Loading lesson…
Probing asks a simple question: given a model's hidden state, can a small classifier predict some property? The answer tells you what the model represents, whether or not it uses that information.
Take a labeled dataset — sentences marked 'positive sentiment' vs 'negative,' or 'factual' vs 'hallucinated.' Extract the model's hidden activations on each input. Train a small classifier (a probe) to predict the label from the activations. If it succeeds, the model represents that information somewhere.
Probing tells you what is in the water. It does not tell you what the fish is doing.
— Anna Rogers, on interpretability research (paraphrased)
The big idea: probing is the cheapest, oldest tool in the interpretability kit. It is also still one of the most useful, especially when paired with intervention experiments.

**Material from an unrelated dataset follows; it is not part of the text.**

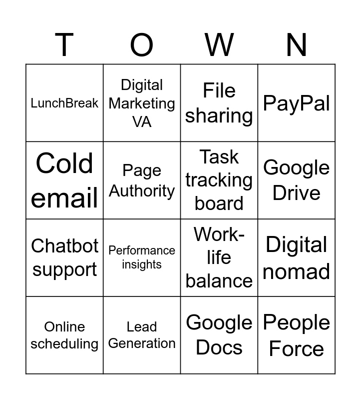 This bingo card has 16 words: Lead Generation, Digital nomad, File sharing, LunchBreak, Chatbot support, Digital Marketing VA, Work-life balance, Google Docs, Cold email, Page Authority, Online scheduling, PayPal, Performance insights, Google Drive, Task tracking board and People Force.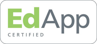 - DM0000: The mark consists of The words EdApp and certified with E and A of EdApp capitalized and the rest lower case The word certified in smaller capital letters beneath the word EdApp. The Ed of EdApp in green and the App in black.

15 questions · take it digitally for instant feedback at tendril.neural-forge.io/learn/quiz/end-safety2-probing-creators
What is the core idea behind "Probing: Linear, Nonlinear, and Contrast"?
Which term best describes a foundational idea in "Probing: Linear, Nonlinear, and Contrast"?
A learner studying Probing: Linear, Nonlinear, and Contrast would need to understand which concept?
Which of these is directly relevant to Probing: Linear, Nonlinear, and Contrast?
Which of the following is a key point about Probing: Linear, Nonlinear, and Contrast?
Which of these does NOT belong in a discussion of Probing: Linear, Nonlinear, and Contrast?
Which statement is accurate regarding Probing: Linear, Nonlinear, and Contrast?
Which of these does NOT belong in a discussion of Probing: Linear, Nonlinear, and Contrast?
What is the key insight about "Why linear matters most" in the context of Probing: Linear, Nonlinear, and Contrast?
What is the key insight about "The probing pitfall" in the context of Probing: Linear, Nonlinear, and Contrast?
Which statement accurately describes an aspect of Probing: Linear, Nonlinear, and Contrast?
What does working with Probing: Linear, Nonlinear, and Contrast typically involve?
Which best describes the scope of "Probing: Linear, Nonlinear, and Contrast"?
Which section heading best belongs in a lesson about Probing: Linear, Nonlinear, and Contrast?
Which section heading best belongs in a lesson about Probing: Linear, Nonlinear, and Contrast?